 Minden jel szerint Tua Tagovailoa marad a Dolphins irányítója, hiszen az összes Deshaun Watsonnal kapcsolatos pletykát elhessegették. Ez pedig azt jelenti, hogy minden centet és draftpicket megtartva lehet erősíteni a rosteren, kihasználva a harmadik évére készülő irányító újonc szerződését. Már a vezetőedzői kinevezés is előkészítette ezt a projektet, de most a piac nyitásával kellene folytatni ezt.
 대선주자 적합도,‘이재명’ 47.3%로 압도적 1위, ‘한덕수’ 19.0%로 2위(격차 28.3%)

——————————

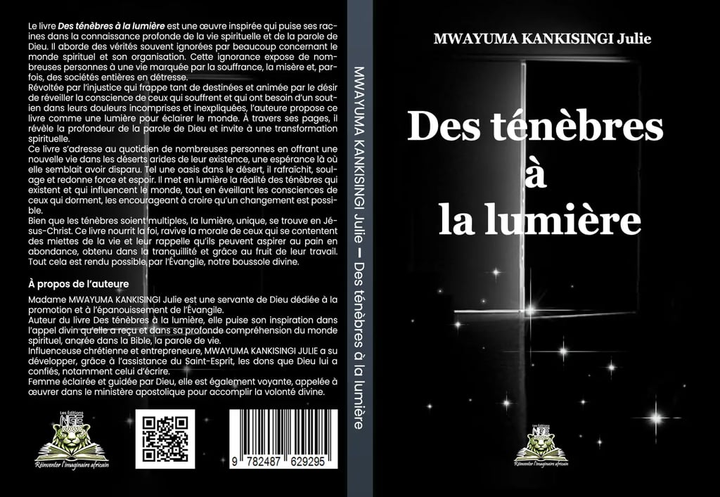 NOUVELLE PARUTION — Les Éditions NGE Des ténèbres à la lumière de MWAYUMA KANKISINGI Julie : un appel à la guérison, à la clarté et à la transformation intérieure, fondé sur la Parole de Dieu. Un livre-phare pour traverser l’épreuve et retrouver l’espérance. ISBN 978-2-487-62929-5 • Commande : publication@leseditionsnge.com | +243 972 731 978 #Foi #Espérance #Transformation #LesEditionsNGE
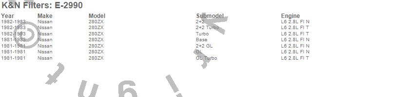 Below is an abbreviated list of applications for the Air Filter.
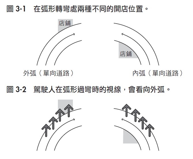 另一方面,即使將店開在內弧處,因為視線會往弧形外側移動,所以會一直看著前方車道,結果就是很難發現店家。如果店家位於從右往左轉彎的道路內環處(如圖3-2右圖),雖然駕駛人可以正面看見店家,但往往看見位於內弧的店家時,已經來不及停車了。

——————————

#### Activity
Retype the portion of the data above that starts on the line with "Minden jel szerint" and finishes on the line with "대선주자 적합도,‘이재명’ 47.3%로", including both of those lines.

#### Answer for the task
 Minden jel szerint Tua Tagovailoa marad a Dolphins irányítója, hiszen az összes Deshaun Watsonnal kapcsolatos pletykát elhessegették. Ez pedig azt jelenti, hogy minden centet és draftpicket megtartva lehet erősíteni a rosteren, kihasználva a harmadik évére készülő irányító újonc szerződését. Már a vezetőedzői kinevezés is előkészítette ezt a projektet, de most a piac nyitásával kellene folytatni ezt.
 대선주자 적합도,‘이재명’ 47.3%로 압도적 1위, ‘한덕수’ 19.0%로 2위(격차 28.3%)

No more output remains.